Counting weeks in a timeseries

Hello,

For one of the codes I was working on I had to count the number of unique weeks in a timeseries. I ended up using the Dates.week() function and found that the result can be incorrect in cases where the data spans more than an year:

julia> dates = range(Date(2008, 8, 1), Date(2009, 1, 1), step=Day(1))
Date("2008-08-01"):Day(1):Date("2009-01-01")

julia> unique([(year(x), week(x)) for x in dates])
24-element Vector{Tuple{Int64, Int64}}:
 (2008, 31)
 (2008, 32)
 (2008, 33)
 (2008, 34)
 (2008, 35)
 (2008, 36)
 (2008, 37)
 (2008, 38)
 (2008, 39)
 (2008, 40)
 (2008, 41)
 (2008, 42)
 (2008, 43)
 (2008, 44)
 (2008, 45)
 (2008, 46)
 (2008, 47)
 (2008, 48)
 (2008, 49)
 (2008, 50)
 (2008, 51)
 (2008, 52)
 (2008, 1)   <-- week not present in data: Date(2008-12-29)
 (2009, 1)

julia>  length(unique([(year(x), week(x)) for x in dates]))
24

Here, (2008, 1) is not correct because this week is not present in dates. Date(2008, 1, 1) will also return (2008, 1) in (year, week) tuple, the date which is not even present in the data. If one counts the unique number of weeks using (year(x), week(x)) method the result is incorrect because the last week number of December 2008 is same the first week of 2009. The correct result would be 23.

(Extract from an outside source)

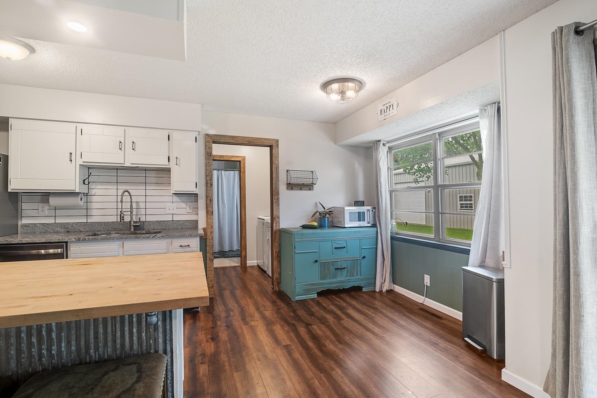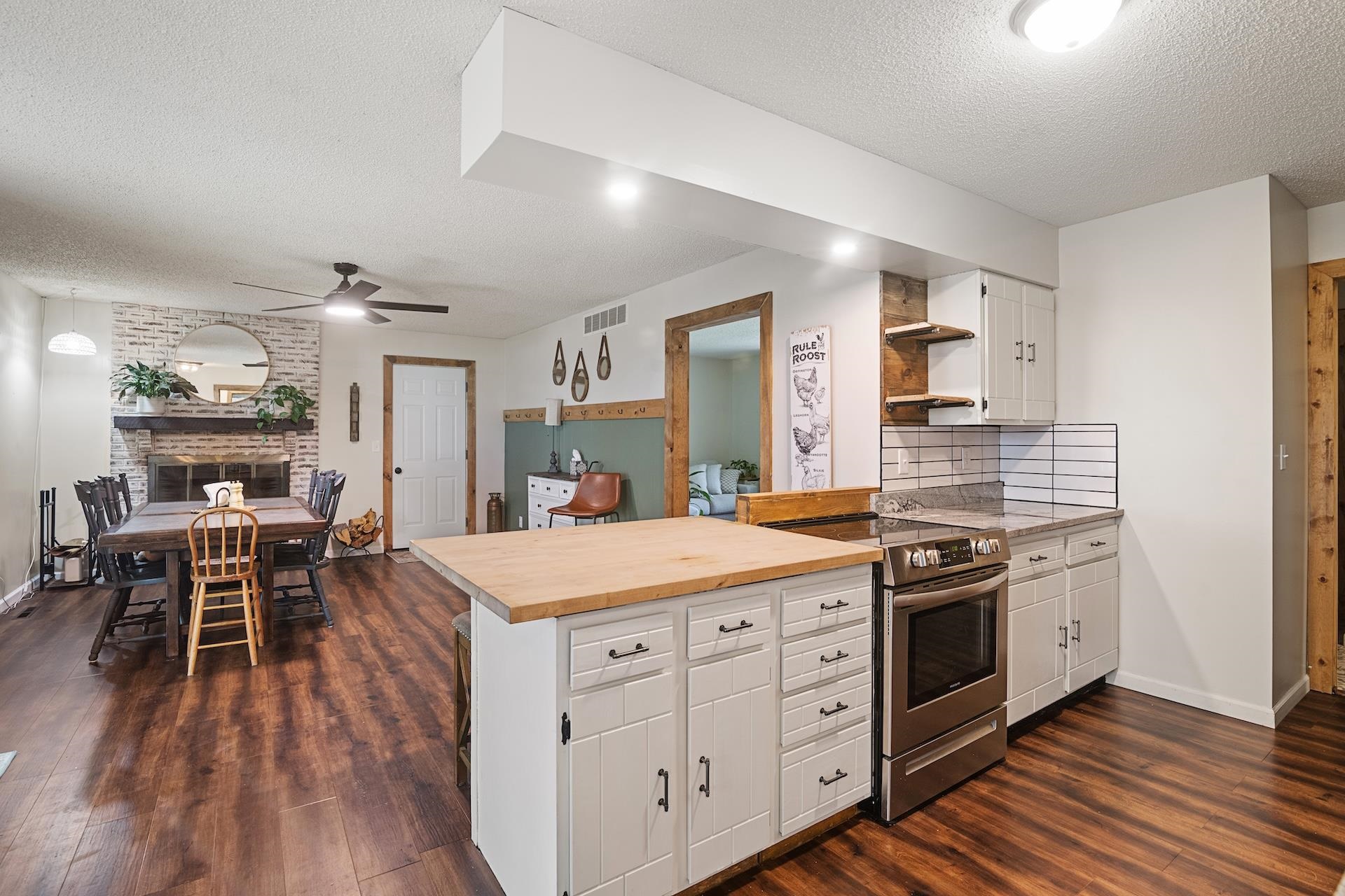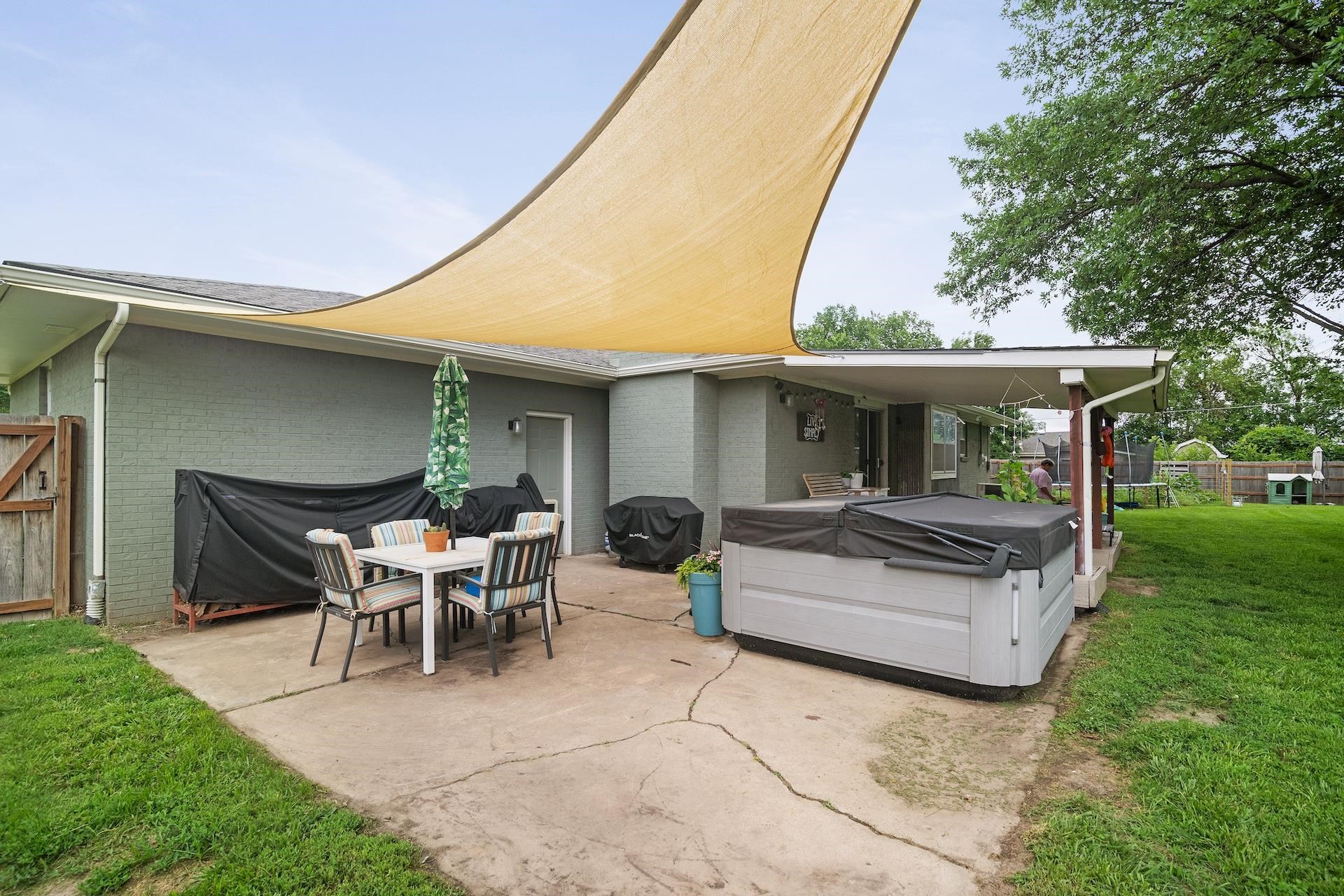 - Description: Welcome to your beautifully updated all-brick ranch on nearly half an acre—where modern style meets small-town charm. Nestled in the highly sought-after Goddard School District, this move-in ready 3-bedroom, 2-bath home offers an impressive 6-car garage capacity, including a newer 40x30 shop with concrete floors, dual overhead doors, and endless potential for car lovers, hobbyists, or anyone craving extra space. From the cozy front porch shaded by mature trees to the thoughtfully updated interior, every detail invites comfort and convenience. Step inside to find luxury vinyl plank flooring throughout the living, family, and kitchen areas. The spacious family room, featuring a classic wood-burning fireplace, flows seamlessly into a completely remodeled kitchen with granite and butcher block countertops, stylish tile backsplash, eating bar, and a full appliance suite. The primary suite is a relaxing retreat with a walk-in closet and a private en suite bath showcasing a sleek Onyx countertop and stand-alone shower. Two additional bedrooms, an updated hall bath, and main floor laundry round out the functional layout. Need more space? The finished basement offers a large rec/game room and a bonus area perfect for a home office, playroom, or creative studio. Outside, entertain with ease in the fully fenced backyard—complete with a covered deck, patio, garden beds, and even a chicken coop! Bonus features include a heated 2-car attached garage with insulated doors, no HOA, and quick access to schools, restaurants, churches, and US 400/Kellogg. Homes like this—with updates, space, and an incredible shop—are a rare find. Don’t miss your chance to make it yours! Show all description

This is, of course, because week() gives the ISO week number but it is easy to make mistake while using the week() function. I feel this is a use case of having a count(::AbstractVector{Date}, ::Week) method in the Dates module.

I am counting the number of weeks starting from Monday and ending on Sunday. So, a series starting from Sunday and ending next Monday (9 days) will contain 3 weeks.

I have written sample methods for date vector and range while taking care of unsorted, irregular, and missing values:

function count(dates::AbstractRange{Date}, ::Type{Week})
    numweeks::Int = 0
    firstmonday = findfirst(x -> dayofweek(x) == 1, dates)
    lastsunday = findlast(x -> dayofweek(x) == 7, dates)
    numweeks += firstmonday == 1 ? 0 : 1
    numweeks += lastsunday == lastindex(dates) ? 0 : 1
    numweeks += div((dates[lastsunday] - dates[firstmonday] + Day(1)).value, 7)
    numweeks
end

function count(dates::AbstractVector{Date}, ::Type{Week}, sorted::Bool)
    mindate = sorted ? dates[1] : findmin(dates)[1]
    maxdate = sorted ? last(dates) : findmax(dates)[1]
    count(range(mindate, maxdate, step=Day(1)), Week)
end

function count(dates::T, ::Type{Week}) where {T<:Base.SkipMissing{Vector{Union{Missing, Date}}}}
    count(collect(dates), Week)
end

function count(dates::T, ::Type{Week}) where {T<:AbstractVector{Union{Missing, Date}}}
    count(skipmissing(dates), Week)
end

Performance for sorted range/vector:

For sorted data:

julia> dates = range(Date(1900, 1, 1), Date(2024, 12, 1), step=Day(1))
Date("1900-01-01"):Day(1):Date("2024-12-01")

julia> @btime count(dates, Week)
  182.734 ns (1 allocation: 16 bytes)
6518

julia> dd = collect(dates); @btime count(dd, Week, true)
  191.824 ns (1 allocation: 16 bytes)
6518

For unsorted data:

julia> dates_unsorted = sample(dates, length(dates), replace=true);

julia> @btime count(dates_unsorted, Week, false)
  46.837 μs (1 allocation: 16 bytes)
6518

The algorithm is O(1) for sorted data but for for unsorted data it is O(n) but that’s the best we can get to.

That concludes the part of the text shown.